# Clustering Project

A tech company has been hacked. Fortunatley, the forensic engineers were able to pull some meta data from the attack such as: session time,locations, wpm typing speed, etc. The tech company also has 3 suspects for the attack, and are certain that at least two were involved. The company needs help determining if there was a third hacker involved. The forensic engineer mentions that in their recent hacks, the hackers roughly do the same amount of attacks, so if there was 1000 attacks from 2 hackers, the hackers would have performed around 500 attacks each.

### The data

**For each attack we have the following data:**

* 'Session_Connection_Time': How long the session lasted in minutes
* 'Bytes Transferred': Number of MB transferred during session
* 'Kali_Trace_Used': Indicates if the hacker was using Kali Linux
* 'Servers_Corrupted': Number of server corrupted during the attack
* 'Pages_Corrupted': Number of pages illegally accessed
* 'Location': Location attack came from (Probably useless because the hackers used VPNs)
* 'WPM_Typing_Speed': Their estimated typing speed based on session logs.

In [3]:
from pyspark.sql import SparkSession
from pyspark.ml.clustering import KMeans
from pyspark.ml.linalg import Vectors
from pyspark.ml.feature import VectorAssembler
from pyspark.ml.feature import StandardScaler
import matplotlib.pyplot as plt

In [4]:

spark = SparkSession.builder.appName('hack_find').getOrCreate()

In [5]:
df = spark.read.csv("/FileStore/tables/hack_data.csv",inferSchema=True,header=True)

In [6]:
df.head()

In [7]:
df.describe().show()

In [8]:
df.columns

In [9]:
feat_cols = ['Session_Connection_Time', 'Bytes Transferred', 'Kali_Trace_Used',
             'Servers_Corrupted', 'Pages_Corrupted','WPM_Typing_Speed']

In [10]:
vec_assembler = VectorAssembler(inputCols = feat_cols, outputCol='features')

In [11]:
final_df = vec_assembler.transform(df)

In [12]:
scaler = StandardScaler(inputCol="features", outputCol="scaledFeatures", withStd=True, withMean=False)

In [13]:
scalerModel = scaler.fit(final_df)
cluster_final_data = scalerModel.transform(final_df)

Analysis of KMeans for both K=2 and K=3

In [15]:
# Instantiate 2 KMeans models (one for 3 hackers, one for 2)
kmeans3 = KMeans(featuresCol='scaledFeatures',k=3)
kmeans2 = KMeans(featuresCol='scaledFeatures',k=2)

In [16]:
# Fit the two models
model_k3 = kmeans3.fit(cluster_final_data)
model_k2 = kmeans2.fit(cluster_final_data)

In [17]:
sse_k3 = model_k3.computeCost(cluster_final_data)
sse_k2 = model_k2.computeCost(cluster_final_data)

In [18]:
print("With K=3")
print("Within Set SSE for k=2 = " + str(round(sse_k2,2)))
print(' ')
print("With K=2")
print("Within Set SSE for k=3 = " + str(round(sse_k3,2)))

It is known that the SSE decreases as you increase K, so although these results are helpful they cannot stand alone.
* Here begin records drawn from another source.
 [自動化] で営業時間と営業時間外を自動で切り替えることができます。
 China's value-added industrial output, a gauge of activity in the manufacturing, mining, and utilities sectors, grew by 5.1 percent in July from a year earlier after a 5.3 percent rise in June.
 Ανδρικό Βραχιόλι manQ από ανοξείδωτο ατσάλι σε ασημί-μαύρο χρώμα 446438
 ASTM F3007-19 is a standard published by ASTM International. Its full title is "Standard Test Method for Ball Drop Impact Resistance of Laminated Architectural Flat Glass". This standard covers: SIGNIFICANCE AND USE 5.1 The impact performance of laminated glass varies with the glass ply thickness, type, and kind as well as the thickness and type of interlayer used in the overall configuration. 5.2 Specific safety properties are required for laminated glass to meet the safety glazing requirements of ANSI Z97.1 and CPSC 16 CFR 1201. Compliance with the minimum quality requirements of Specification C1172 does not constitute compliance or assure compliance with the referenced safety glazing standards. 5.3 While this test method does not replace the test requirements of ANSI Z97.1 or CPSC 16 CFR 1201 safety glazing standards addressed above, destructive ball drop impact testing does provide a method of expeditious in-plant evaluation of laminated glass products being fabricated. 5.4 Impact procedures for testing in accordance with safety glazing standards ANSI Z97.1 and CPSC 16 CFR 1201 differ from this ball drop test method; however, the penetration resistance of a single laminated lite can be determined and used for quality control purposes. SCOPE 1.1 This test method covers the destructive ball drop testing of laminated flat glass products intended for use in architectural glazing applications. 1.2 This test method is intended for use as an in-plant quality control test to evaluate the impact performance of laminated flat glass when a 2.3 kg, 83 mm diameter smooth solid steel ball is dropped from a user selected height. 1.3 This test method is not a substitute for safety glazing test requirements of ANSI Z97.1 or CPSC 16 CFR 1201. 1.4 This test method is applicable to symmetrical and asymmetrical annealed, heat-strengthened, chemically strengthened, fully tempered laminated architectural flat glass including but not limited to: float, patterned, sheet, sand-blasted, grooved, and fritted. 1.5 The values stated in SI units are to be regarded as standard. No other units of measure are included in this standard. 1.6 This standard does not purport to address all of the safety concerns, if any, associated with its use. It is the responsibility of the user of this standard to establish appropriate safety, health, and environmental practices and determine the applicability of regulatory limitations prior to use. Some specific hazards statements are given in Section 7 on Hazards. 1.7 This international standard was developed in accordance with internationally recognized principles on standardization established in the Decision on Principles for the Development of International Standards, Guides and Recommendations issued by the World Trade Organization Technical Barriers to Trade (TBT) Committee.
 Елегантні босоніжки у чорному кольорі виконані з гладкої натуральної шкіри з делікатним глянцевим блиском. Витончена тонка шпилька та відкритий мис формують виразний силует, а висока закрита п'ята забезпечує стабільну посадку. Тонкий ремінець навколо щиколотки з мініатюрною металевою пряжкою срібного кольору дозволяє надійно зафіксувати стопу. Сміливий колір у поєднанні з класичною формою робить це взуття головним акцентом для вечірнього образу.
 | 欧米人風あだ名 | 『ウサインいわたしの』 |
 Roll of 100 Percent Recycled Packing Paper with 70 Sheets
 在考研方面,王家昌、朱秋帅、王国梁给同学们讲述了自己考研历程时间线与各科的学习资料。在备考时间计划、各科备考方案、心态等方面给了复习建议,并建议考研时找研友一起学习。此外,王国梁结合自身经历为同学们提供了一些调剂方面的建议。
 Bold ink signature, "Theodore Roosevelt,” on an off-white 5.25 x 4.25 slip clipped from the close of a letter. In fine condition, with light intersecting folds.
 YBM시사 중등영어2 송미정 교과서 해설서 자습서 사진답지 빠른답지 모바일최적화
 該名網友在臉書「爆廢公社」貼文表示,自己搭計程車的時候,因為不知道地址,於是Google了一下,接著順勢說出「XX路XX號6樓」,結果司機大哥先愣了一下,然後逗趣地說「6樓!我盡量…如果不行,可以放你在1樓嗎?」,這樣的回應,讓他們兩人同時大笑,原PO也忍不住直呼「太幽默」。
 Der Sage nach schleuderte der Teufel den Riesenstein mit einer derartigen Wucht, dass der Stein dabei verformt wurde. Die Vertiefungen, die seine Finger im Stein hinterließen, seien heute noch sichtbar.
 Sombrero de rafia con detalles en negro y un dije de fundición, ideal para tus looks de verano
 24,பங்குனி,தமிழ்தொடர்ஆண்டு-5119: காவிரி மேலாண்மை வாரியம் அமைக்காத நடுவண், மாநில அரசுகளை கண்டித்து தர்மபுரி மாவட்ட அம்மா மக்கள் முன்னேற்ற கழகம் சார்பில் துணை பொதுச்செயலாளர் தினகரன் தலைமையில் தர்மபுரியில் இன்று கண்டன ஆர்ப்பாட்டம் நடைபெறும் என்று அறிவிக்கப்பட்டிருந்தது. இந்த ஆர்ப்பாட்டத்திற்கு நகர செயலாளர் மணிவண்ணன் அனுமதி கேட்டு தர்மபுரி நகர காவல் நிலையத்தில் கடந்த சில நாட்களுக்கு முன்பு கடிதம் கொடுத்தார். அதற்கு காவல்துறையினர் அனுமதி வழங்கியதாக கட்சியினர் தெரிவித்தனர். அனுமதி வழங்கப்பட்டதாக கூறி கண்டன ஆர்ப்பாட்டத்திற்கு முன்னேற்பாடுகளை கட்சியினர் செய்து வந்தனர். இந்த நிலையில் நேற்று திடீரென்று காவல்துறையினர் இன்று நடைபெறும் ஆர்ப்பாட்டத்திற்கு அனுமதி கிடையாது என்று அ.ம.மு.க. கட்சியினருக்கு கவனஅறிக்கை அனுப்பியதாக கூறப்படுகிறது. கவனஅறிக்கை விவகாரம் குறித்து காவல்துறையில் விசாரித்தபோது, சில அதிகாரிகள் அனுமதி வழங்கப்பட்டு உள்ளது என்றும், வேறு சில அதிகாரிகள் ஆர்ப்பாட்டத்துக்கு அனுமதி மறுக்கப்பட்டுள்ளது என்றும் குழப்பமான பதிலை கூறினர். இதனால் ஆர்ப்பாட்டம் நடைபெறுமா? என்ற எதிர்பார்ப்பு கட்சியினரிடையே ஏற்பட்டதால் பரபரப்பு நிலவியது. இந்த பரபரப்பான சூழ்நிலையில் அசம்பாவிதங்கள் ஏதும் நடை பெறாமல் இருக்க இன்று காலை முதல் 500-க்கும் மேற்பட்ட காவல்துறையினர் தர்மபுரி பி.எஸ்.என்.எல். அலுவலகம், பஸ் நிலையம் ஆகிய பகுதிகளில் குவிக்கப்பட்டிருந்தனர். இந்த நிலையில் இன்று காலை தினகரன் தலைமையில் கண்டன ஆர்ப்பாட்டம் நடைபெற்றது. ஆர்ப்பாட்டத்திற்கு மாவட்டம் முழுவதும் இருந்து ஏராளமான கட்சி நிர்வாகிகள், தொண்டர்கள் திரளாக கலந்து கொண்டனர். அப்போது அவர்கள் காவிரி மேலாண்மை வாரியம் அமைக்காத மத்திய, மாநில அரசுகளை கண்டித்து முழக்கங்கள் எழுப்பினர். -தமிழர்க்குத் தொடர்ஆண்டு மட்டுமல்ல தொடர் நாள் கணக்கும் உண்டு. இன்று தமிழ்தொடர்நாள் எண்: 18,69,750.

Checking the SSE vs K values for multiple values of K can also help indicate what the correct value of K is.

In [20]:
Ex = []
y = []
for k in range(2,9):    
    kmeans = KMeans(featuresCol='scaledFeatures',k=k)
    model = kmeans.fit(cluster_final_data)
    sse = model.computeCost(cluster_final_data)
    
    x.append(k)
    y.append(sse)

    print("Within Set SSE for K="+str(k) + " is " + str(round(sse,2)))
    print('')

Veiwing the decrease of SSE with the increase of K to try and visiually determine the correct value of K using the elbow method

In [22]:
%matplotlib inline
plt.plot(x,y)
plt.ylabel('SSE')
plt.xlabel('K');



** Unfortunatley there is no clear answer from this graph. However we know that since the hackers split the hacks evenly, each hacker should have roughly the same amount of hacks.

In [24]:
model_k3.transform(cluster_final_data).groupBy('prediction').count().show()

In [25]:
model_k2.transform(cluster_final_data).groupBy('prediction').count().show()

## By comparing the amount of attacks per hacker for each value of K it is clear that there were only 2 hackers!